Work instructions> Please print exactly the lines from the line containing "Браслет из лимонного" through the end of the data, no more, and keep pictures out of the copy.

Information provided>
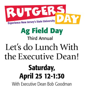 Soon it will be spring (no kidding!), which means that Ag Field Day and Rutgers Day won't be far behind. To celebrate, Executive Dean Bob Goodman invites alumni and their families to the Third Annual "Let's Do Lunch with the Executive Dean" on Saturday, April 25, 2015, from noon to 1:30 p.m. This popular "garden party" will take place under a festive tent on the lawn of Jameson Quad, adjacent to the charming Cooper Dining Hall. (In case of bad weather, we'll move inside Cooper.) All alumni from the School of Environmental and Biological Sciences and its predecessors are welcome, along with their spouses/partners and children. Also invited are retired faculty and their families. Traditional barbecue fare and beverages will be served. Come to catch up with friends and favorite faculty, to meet some of our students, and to enjoy some great food and fun. Register today.
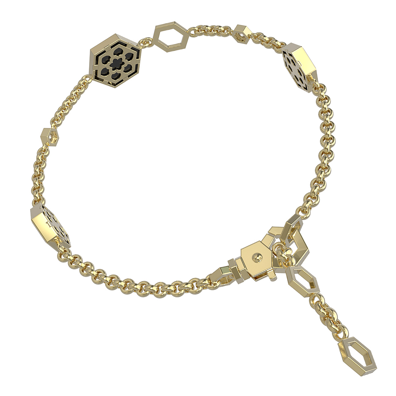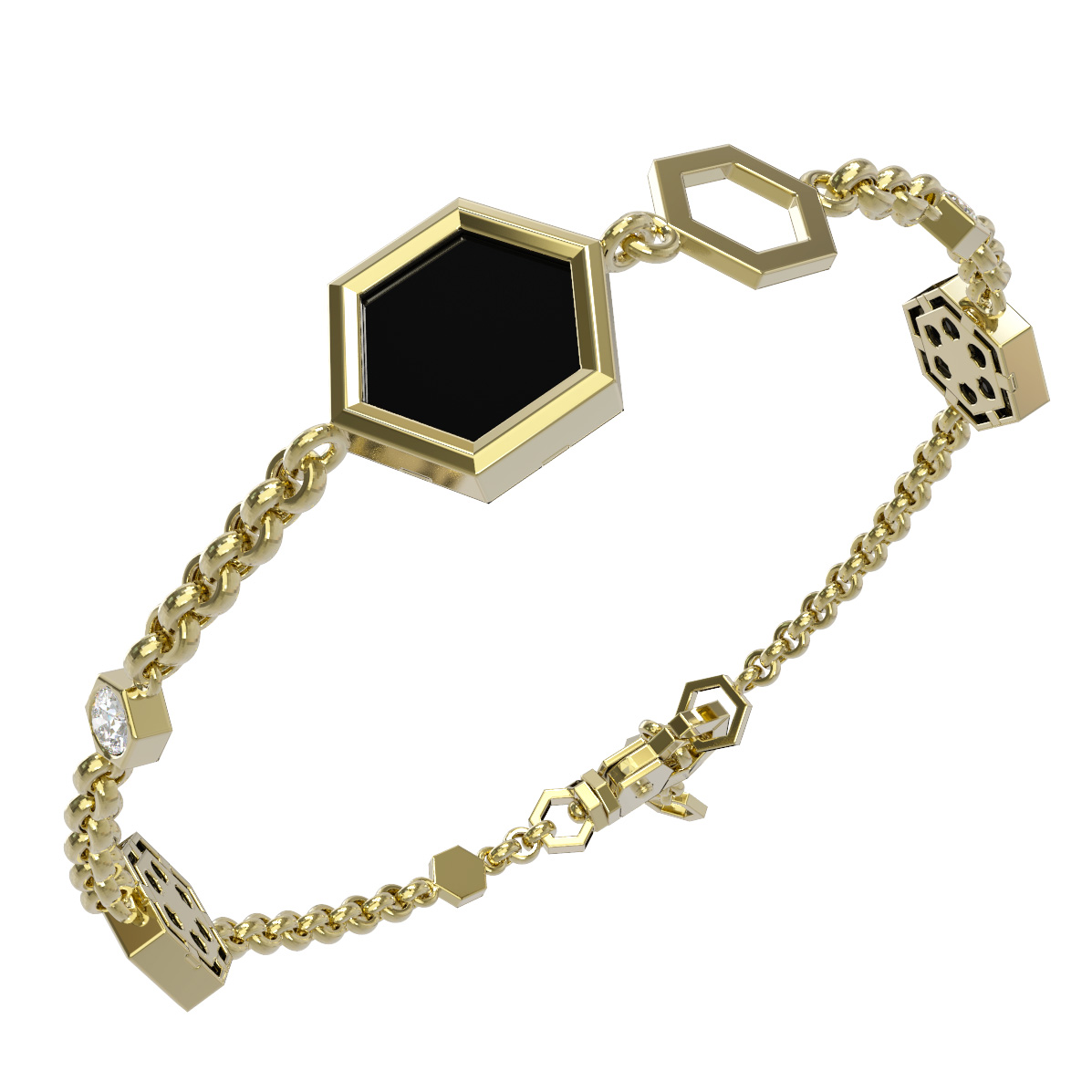 Браслет из лимонного золота c бриллиантами, ониксом и перламутром
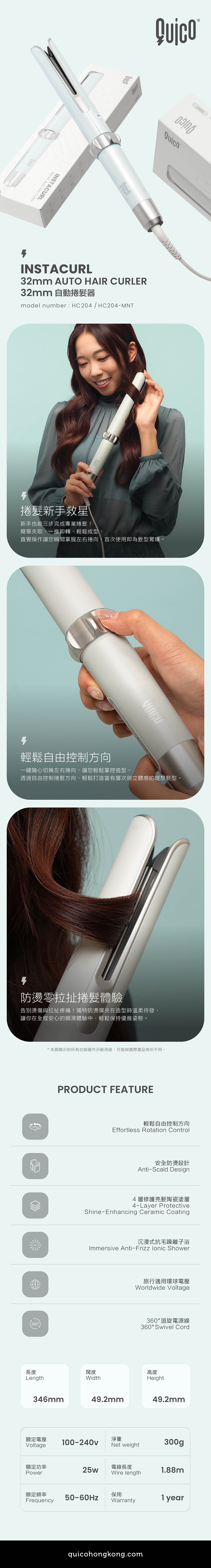 QUICO InstaCurl 32mm自動捲髮器,創新防燙彈夾與一鍵左右捲向設計,簡單三步完成專業造型。直覺操作讓新手也能輕鬆打造層次捲髮,享受零拉扯、零燙傷的安心體驗。
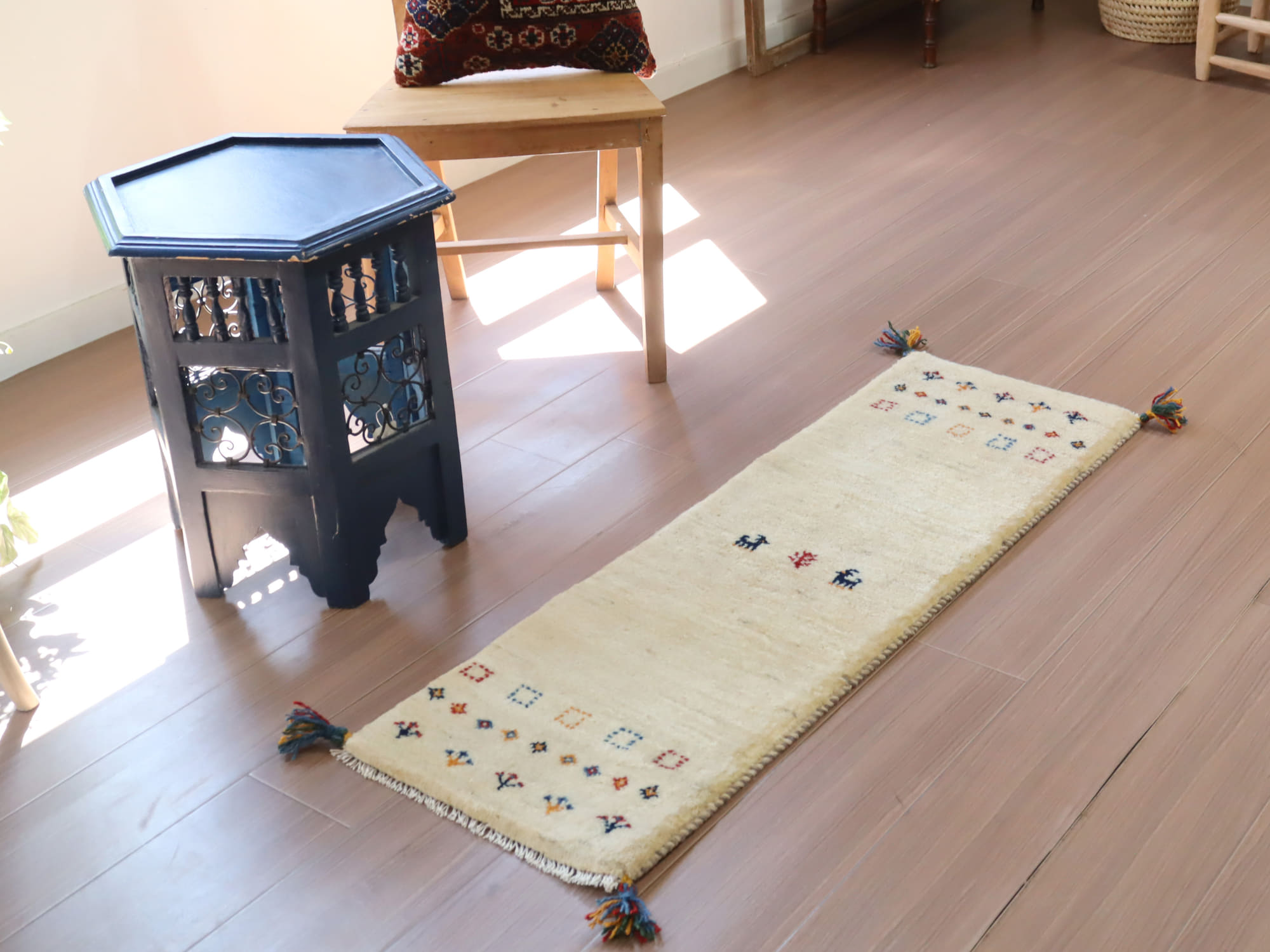 Key:ギャベ, ラグ, 手織り絨毯, 部族絨毯, 草木染, カシュカイ族, ウール製, キッチンマット, ベッドサイド, アイボリー, 東京,中野区, ガラタバザール, Gabbeh, Tribal Rug, Hand knotted, wool, Natural dye, Shiraz, Fars, Quashkai

Task output>
 Браслет из лимонного золота c бриллиантами, ониксом и перламутром
 QUICO InstaCurl 32mm自動捲髮器,創新防燙彈夾與一鍵左右捲向設計,簡單三步完成專業造型。直覺操作讓新手也能輕鬆打造層次捲髮,享受零拉扯、零燙傷的安心體驗。
 Key:ギャベ, ラグ, 手織り絨毯, 部族絨毯, 草木染, カシュカイ族, ウール製, キッチンマット, ベッドサイド, アイボリー, 東京,中野区, ガラタバザール, Gabbeh, Tribal Rug, Hand knotted, wool, Natural dye, Shiraz, Fars, Quashkai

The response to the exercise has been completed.